Problem to work on>
Nothing but the lines from the one containing "该软件是专门为儿童设计的自主" through the end of the data below should appear in the answer, each exact and free of pictures.

Given data>
++++
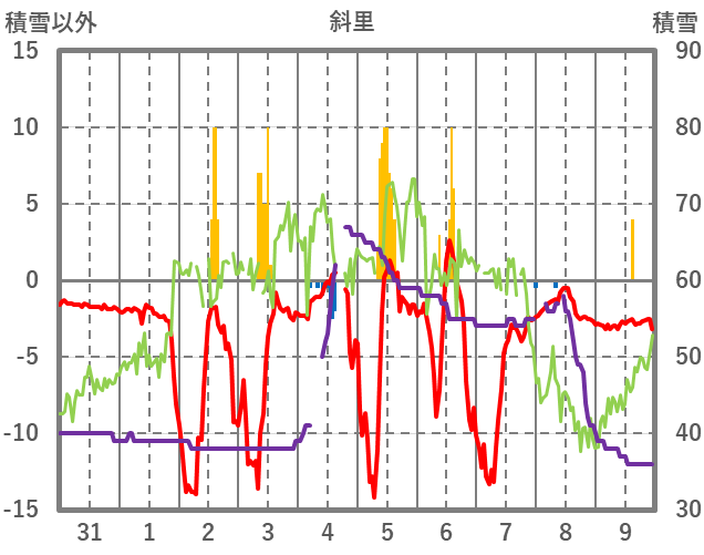 | 日 | 時 | 気温 | 降水 | 風向/風速 | 日照 | 積雪 | 降雪 |
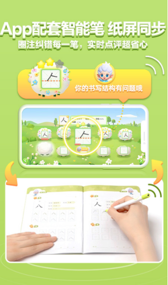 该软件是专门为儿童设计的自主学习型汉字练习软件,搭配智能写字笔和定制写字本,通过一笔一笔画的方式来练习,实现纸屏同步,采用了人工智能技术,让孩子在玩耍的过程中爱上练习汉字。
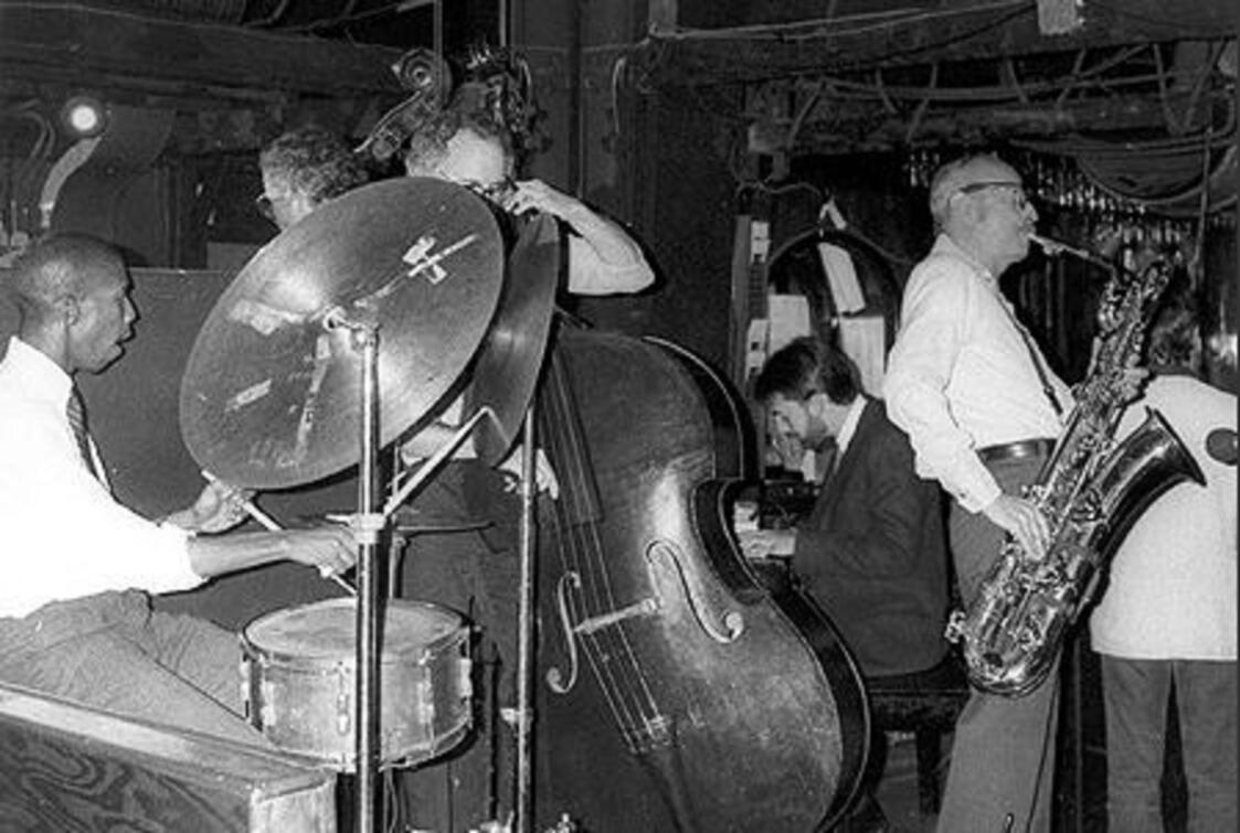 Left to right: Kenny Washington, Dennis Irwin, Michael Weiss, and Pepper Adams, Angry Squire, New York City, 1985.
++++
Response to this task>
 该软件是专门为儿童设计的自主学习型汉字练习软件,搭配智能写字笔和定制写字本,通过一笔一笔画的方式来练习,实现纸屏同步,采用了人工智能技术,让孩子在玩耍的过程中爱上练习汉字。
 Left to right: Kenny Washington, Dennis Irwin, Michael Weiss, and Pepper Adams, Angry Squire, New York City, 1985.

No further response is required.